En utilisant les données issus de la publication "Microbial Biogeography of Public Restroom Surfaces" de Flores et al., nous voulons montrer les possibilités
qu’offfent les packages Python pour la visualization de données dans le contexte de la métagénomique.
Nous avions à notre disposition une table de comptage de 14 échantillons.
Les échantillons ont été collectés sur différentes surface de toilette.
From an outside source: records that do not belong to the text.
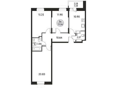 Планировки трехкомнатных квартир в ЖК «Дом на Сиреневой»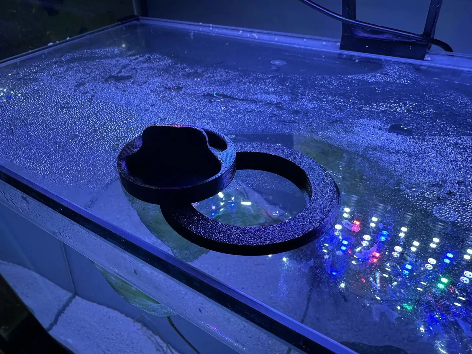 Cổng cho ăn dạng tròn cho nắp polycarbonate: chỉ cần khoan lỗ 2" ở phần trước, giữa nắp rồi gắn vào. Gợi ý in rim 4 walls, plug 2 walls và infill cao để lỡ rớt xuống hồ vẫn nổi.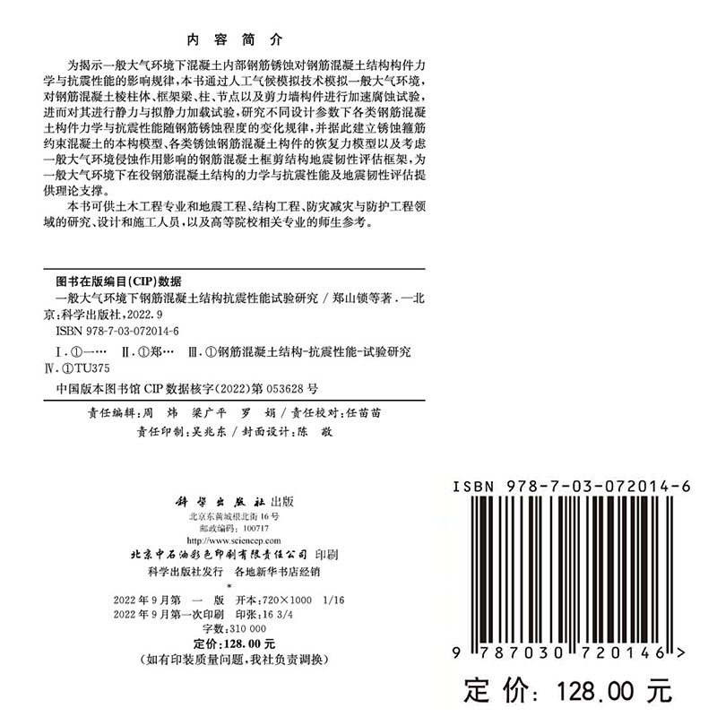 现货 社 一般大气环境下钢筋混凝土结构抗震性能试验研究 科学出版 9787030720146 郑山锁等 正版

Surface touché par les mains (door_in, faucet_handle, toilet_flush_handle) par les
pieds (sink_floor, toilet_floor) ou en contacte directe avec la partie posterieur du corp(toilet_seat).
Il peut être intéressant d’essayer de visualiser une différence de composition bactérienne dans ces différents type d’echantillons.
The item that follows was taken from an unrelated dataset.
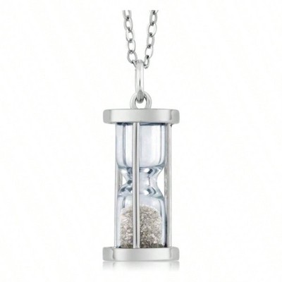 Diamond Gemstone Birthstone Hourglass Pendant Necklace in Silver with Chain

Le poster finale de ce projet est présent dans le dépot sous le nom PosterVDV.pdf .
Les différentes figures réalisées sont localisées dans le dossier plots, qui contient des figures statics et dynamiques (html).
Pour premmettre la visualisation des différentes figures présentes dans le fichier Jupyter (VdbFinalProject.ipynb) il est nécessaire d'importer ces différents packages : pandas, os, numpy, matplotlib, plotly, seaborn, sklearn et scipy.
Les deux premières cellules du fichier doivent obligatoirement être lancer avant d'effectuer une des figures des autres cellules du fichiers. Car en effet ces deux premières cellules contiennent les récupérations de données et méthodes nécessaire pour créer les figures.